Sometimes in my blog, I mention that I am 39. And sometimes lovely people express astonishment at how youthful I look. And they say that I ‘seem’ younger, which I think is code for ‘acting immature’. But what is 39? As a teenager, I used to think of 39 as quite old, as middle-aged. But that is not how I now feel.
I cared more about my age when I was younger. I always wanted to be older, so that I would be taken more seriously. And now that I am approaching 40, I am not that fussed about the number. I am happy. My life is not perfect. I am far from what I want to be. Far from how I want to look. But life has treated me well, for the most part. And even the bad things aren’t so bad because they got me to where I am today.
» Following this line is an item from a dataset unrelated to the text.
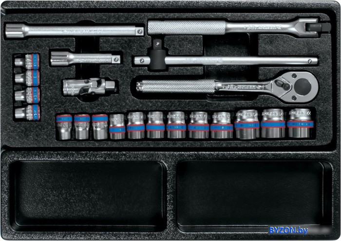 | Комплектация | - Головка торцевая стандартная шестигранная 3/8", KING TONY серии 3335M: 6, 7, 8, 9, 10, 11, 12, 13, 14, 15, 16, 17, 19, 20, 21, 22; - Трещотка 3/8", 200 мм, 32 зубца, флажковая KING TONY 3769-08F; - Вороток 3/8", 200 мм, скользящий KING TONY 3571-08; - Удлинитель 3/8", KING TONY серии 3221: 75, 150; - Вороток 3/8", 250 мм, с шарниром KING TONY 3452-10F; - Кардан 3/8" KING TONY 3792. - Ложемент |

My age, my number means less than my experience. I have lived. I have traveled. And thanks to Husband, I have loved (cheesy, I know but still true). I don’t know when my age will begin to be an issue. Maybe I will turn 40 and freak out. Maybe 50 is the number that will send me into a midlife crisis.
All I do know is that for now, my age does not define me. My lack of youth does not make me old. I have a young and lively heart. And though my body, and feet, don’t cooperate and party like they used to, I am not old. I am not my age. I am just me.
I am linking up to The Prompt this week, where the topic is Age. How do you feel about growing old?